Over the last year we’ve seen the rise of the 3D printer. Bre Pettis, the founder of MakerBot, the leading consumer 3D printer maker, gave a keynote address at SxSW this year. 3D printing has raised discussions around such diverse subjects as guns,food and clothes, but it’s perhaps a more conventional use of 3D printing that has led one beloved brand to get in front of what it sees as a potential future. According toSociable, LEGO will be unveiling their own 3D printer by the end of the year. In an article titled, Is Lego about to embrace the Dark Side by releasing an official 3D printer? (complete with image of LEGO Star Wars figure), the Danish company ”says that along with the printer they will also release a selection of their 2013 range of Lego sets as downloadable files.  All official sets produced from 2014 will be available for download from the Lego Web Store. Once downloaded, the plans will let users print all the required bricks for their new sets.”

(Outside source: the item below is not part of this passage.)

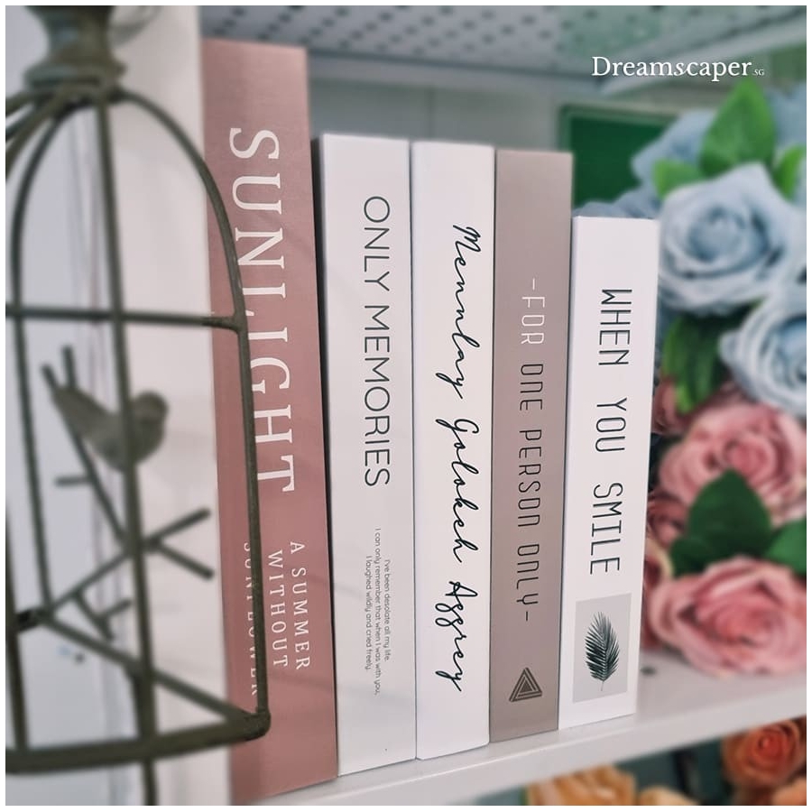 Add a modern minimalist vibe to your home staging decor or wedding reception display with this set of 5 lightweight and aesthetically pleasing book props. You can use them as risers too for your marriage proposal decor.

Ok, it was an April’s Fools Day joke by the gang at Sociable. Full disclosure: I fell for it. Tweeted a link to the story and started writing this essay under the assumption it was legit. Seems a bit silly, but if you’re taking that Disruptive Technologies class, it doesn’t seem so far fetched. In the class we are focusing on three brands – Kodak, Blockbuster and Borders who all got crushed by Disruptive Technologies. Now, I’d argue they all got crushed by the same disruptive technology, the Internet, just different applications of it. But let’s go back and think about LEGO for a minute. If in 3-5 years thousands of people have 3D printers in their house and can easily produce LEGO blocks at home maybe taking a ‘If you can’t beat ‘em, join ‘em” strategy isn’t a bad idea. Didn’t we all look at Kodak, Blockbuster and Borders and ask why they didn’t create Instagram, Netflix and Amazon respectively before those latter companies put the former out of business? And don’t we all think that universities all around the country are trying to figure out what they are going to do about Coursera?

Now the question is: What disruptive technology is your client (or brand) facing? Are you in denial about what it will do to your industry, market or brand? Do you have a plan to own it before it owns you?